Comment by sulam
1 day ago
If you trust everything the LLM tells you, and you learn from code, then yes the same exact risks apply. But this is not how you use (or should use) LLMs when you’re learning a topic. Instead you should use high quality sources, then ask the LLM to summarize them for you to start with (NotebookLM does this very well for instance, but so can others). Then you ask it to build you a study plan, with quizzes and exercises covering what you’ve learnt. Then you ask it to setup a spaced repetition worksheet that covers the topic thoroughly. At the end of this you will know the topic as well as if you’d taken a semester-long course.

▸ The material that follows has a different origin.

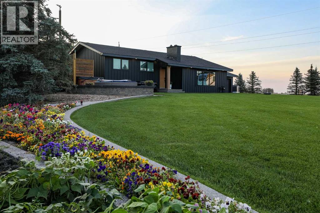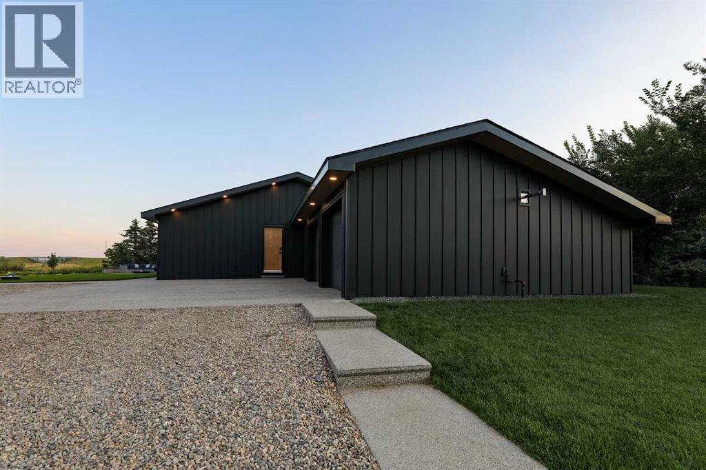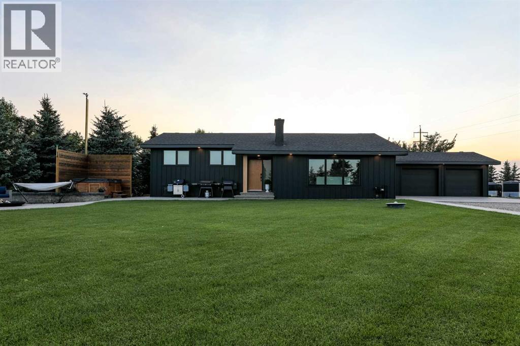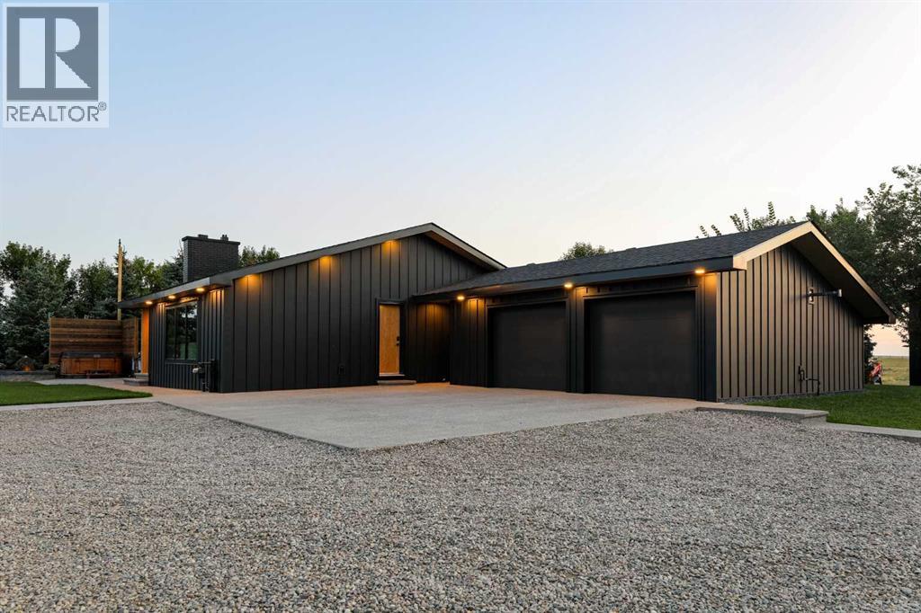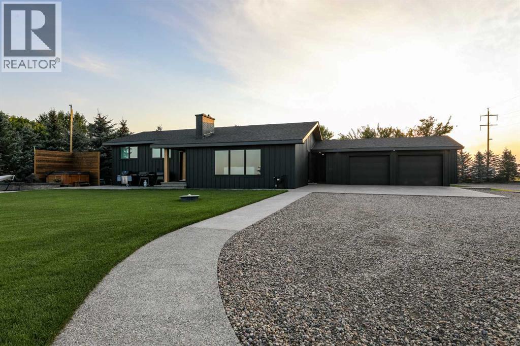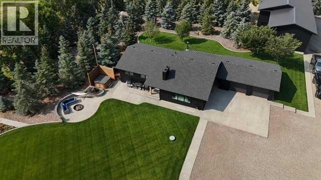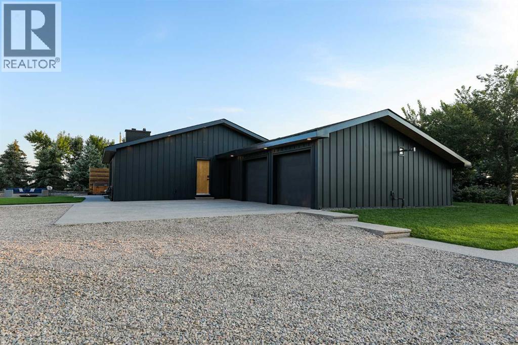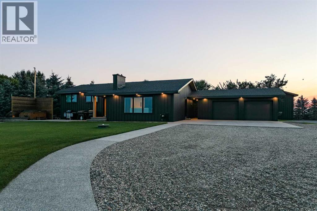 Beautifully renovated bungalow offering over 2,900 sq. ft. of developed living space** with 5 bedrooms and 2.5 bathrooms**, showcasing exceptional upgrades inside and out. This home has been meticulously updated to create a modern, comfortable space that truly feels brand new.The fully renovated interior features fresh paint, new trim, updated windows, and new doors throughout. The bathrooms have been tastefully upgraded, including a custom tile walk-in shower with modern fixtures, adding a touch of luxury to everyday living. Energy efficiency was a priority in the renovation, highlighted by staggered stud walls and new triple-pane windows.The exterior is equally impressive with an elegant board-and-batten finish complemented by light pine soffits, offering both style and low-maintenance durability. Additional upgrades include new eavestroughs, new garage doors, and a roof that is approximately four years old.The heated double attached garage with floor drain comfortably accommodates two full-sized trucks.Major mechanical upgrades provide peace of mind, including:* High-efficiency furnace with humidifier and new ducting* High-efficiency tankless hot water system* Central air conditioning* Thermostat-controlled gas fireplace plus two wood-burning options (fireplace and stove)* All new plumbing, venting, filtration, and water systems* Updated septic systemThe professionally landscaped yard has been designed for both relaxation and entertaining, featuring:* Exposed aggregate patios, curbing, and sidewalks* A beautiful stone firepit area with retaining wall and water feature* Mature trees with mulch beds and newer sod* Fully automated underground irrigation with 2” risers and drip irrigation for trees* A 750,000-gallon trout-stocked dugout* Arctic Spa saltwater hot tubFor those needing space to work, build, or create, the outbuildings add incredible functionality:* Brand new 1,850 sq. ft. shop with drains and a standing seam metal roof — ideal for small business or hobby use* 20' x 30' tarp building on a concrete pad for additional storage* Custom-built chicken coop* Vegetable garden and established flower bedsLocated just minutes from the city and zoned Urban Fringe, this exceptional acreage offers flexibility, privacy, and long-term potential.*A rare opportunity to enjoy acreage living with modern upgrades and incredible amenities, call your REALTOR® today to book your private showing. (id:63190)

One big technique it sounds like the authors of the OAuth library missed is that LLMs are very good at generating tests. A good development process for today’s coding agents is to 1) prompt with or create a PRD, 2) break this down into relatively simple tasks, 3) build a plan for how to tackle each task, with listed out conditions that should be tested, 3) write the tests, so that things are broken, TDD style and finally 4) write the implementation. The LLM can do all of this, but you can’t one-shot it these days, you have to be a human in the loop at every step, correcting when things go off track. It’s faster, but it’s not a 10x speed up like you might imagine if you think the LLM is just asynchronously taking a PRD some PM wrote and building it all. We still have jobs for a reason.
> Instead you should use high quality sources, then ask the LLM to summarize them for you to start with (NotebookLM does this very well for instance, but so can others).
How do you determine if the LLM accurately reflects what the high-quality source contains, if you haven't read the source? When learning from humans, we put trust on them to teach us based on a web-of-trust. How do you determine the level of trust with an LLM?
> When learning from humans, we put trust on them to teach us based on a web-of-trust.
But this is only part of the story. When learning from another human, you'll also actively try and devise whether they're trustworthy based on general linguistic markers, and will try to find and poke holes in what they're saying so that you can question intelligently.
This is not much different from what you'd do with an LLM, which is why it's such a problem that they're more convincing than correct pretty often. But it's not an insurmountable issue. The other issue is that their trustworthiness will wary in a different way than a human's, so you need experience to know when they're possibly just making things up. But just based on feel, I think this experience is definitely possible to gain.
Because summarizing is one of the few things LLMs are generally pretty good at. Plus you should use the summary to determine if you want to read the full source, kind of like reading an abstract for a research paper before deciding if you want to read the whole thing.
Bonus: the high quality source is going to be mostly AI written anyway
Actually, LLMs aren’t that great for summarizing. It would be a boon for RAG workflows if they were.
I’m still on the lookout for a great model for this.
I did actually use the LLM to write tests, and was pleased to see the results, which I thought were pretty good and thorough, though clearly the author of this blog post has a different opinion.
But TDD is not the way I think. I've never been able to work that way (LLM-assisted or otherwise). I find it very hard to write tests for software that isn't implemented yet, because I always find that a lot of the details about how it should work are discovered as part of the implementation process. This both means that any API I come up with before implementing is likely to change, and also it's not clear exactly what details need to be tested until I've fully explored how the thing works.
This is just me, other people may approach things totally differently and I can certainly understand how TDD works well for some people.